По части судопроизводства существует величайший беспорядок; не существует никаких положительно определенных узаконений и однообразия по этой части; так, например, если кто-нибудь обидит другого ударом в лицо, то обиженный не знает, к какой власти он должен обратиться с жалобой. Одни идут к муштеиду, другие к шейхуль-исламу, третьи — к имаму, Джуме (потому что с самого начала ислама до сих пор в Персии существует безобразное теократическое правление), четвертые — к базарному приставу даруге, пятые — к полицеймейстеру, шестые — к какому-нибудь принцу, и из этих лиц одни приговаривают обидчика к денежному штрафу, другие к палочным ударам по пятам, третьи совсем оставляют его без наказания, разумеется, не без причин, четвертые сажают его под арест, пятые увольняют от должности, если он должностное лицо, шестые ходатайствуют за него пред высшим правительством, также не без причины, и даже рассказывают, что обидчик иногда, в возмездие за претерпленную им от жалобы обиженного неприятность, получает от верховного правительства, по ходатайству своего патрона, еще почетный кафтан. Одним словом, нет никакого уложения для общего руководства, в котором против всякого рода преступлений ясно была бы определена мера наказания. Также нет никакого устава, в котором было бы определено награждение за всякое доброе дело; все зависит от произвола, начиная от мелких властей до крупных».


А еще вот эту часть:


— Взгляни теперь на государственную газету и в начале первого же столбца ты с удивлением останавливаешься на слове «преобразование», [красиво] отлитографированном крупным почерком с добавлением под ним, что оно сделано садр-а’замом, дай бог ему блаженство в раю после смерти. Это что такое? Неужели в Персии преобразование? И радуешься; но не радуйся, мой совет, попусту, прочти дальше; вот твой взор тотчас переносится на следующую строку, где ты читаешь следующее: «Господин садр-а’зам нашёл весьма необходимым для пользы покойников, чтоб вперед похороны совершались в следующем порядке и сопровождались следующими обрядами, через каких-то духовных лиц…».

[…]

В Персии до сих пор еще не понимают, что при воспитании детей наказывать их палками и пощечинами — значит портить их нравственность, делать их низкими и подлыми, заглушать в них врожденные добрые качества и порождать в них трусость и лживость. В Персии нет ни одной школы, где бы глупый содержатель ее не имел у себя проклятой машины фелакке для наказания детей палками по пятам! Странно еще и то, что невежественный родитель дитяти при отдаче его в школу обращается к содержателю со следующими словами в присутствии самого ж дитяти: «Господин учитель! Я поручаю тебе своего сына для воспитания, мясо его принадлежит тебе, а кости мне, воспитывай его как следует». Учитель же по обыкновению отвечает: «Будь покоен — палки и фелакке будут перед его глазами…».
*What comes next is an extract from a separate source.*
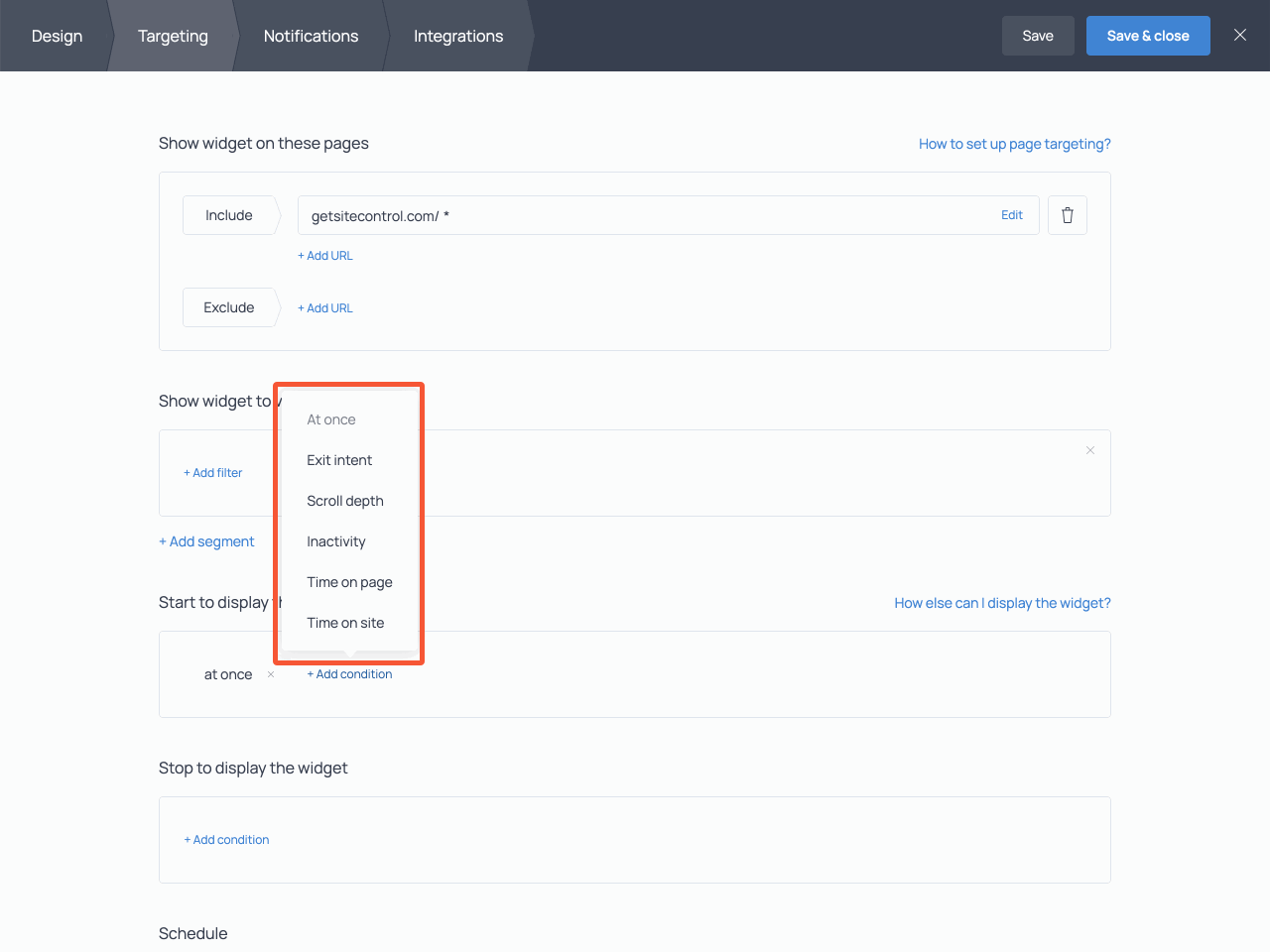 Remove the default settings from these fields and set your own rules. For example, we recommend displaying the survey after a visitor spends some time on a website or scrolls down the page.

После подобного воспитания какого же можно ожидать от детей благородства, чувства чести и умственного развития в зрелых летах! Еще страшнее то, что министр народного просвещения, называемый в Персии везири-улум, совершенно равнодушен к этому обычаю и нисколько не думает запретить его содержателям школ».


О! Он читает мои мысли.


— Провинциями по большей части управляют невежественные принцы, не имеющие никакого познания; пред ними народ в позорном рабстве выражает чувство преданности по следующему этикету.

Они заседают на верху присутственной залы, а подданные, без различия звания и сословий, все стоят пред ними, скрестивши руки на груди, и ждут их повелений, чуть только они откроют рот и вымолвят какое-нибудь слово, со всех сторон голос одобрения возвышается и повторяется.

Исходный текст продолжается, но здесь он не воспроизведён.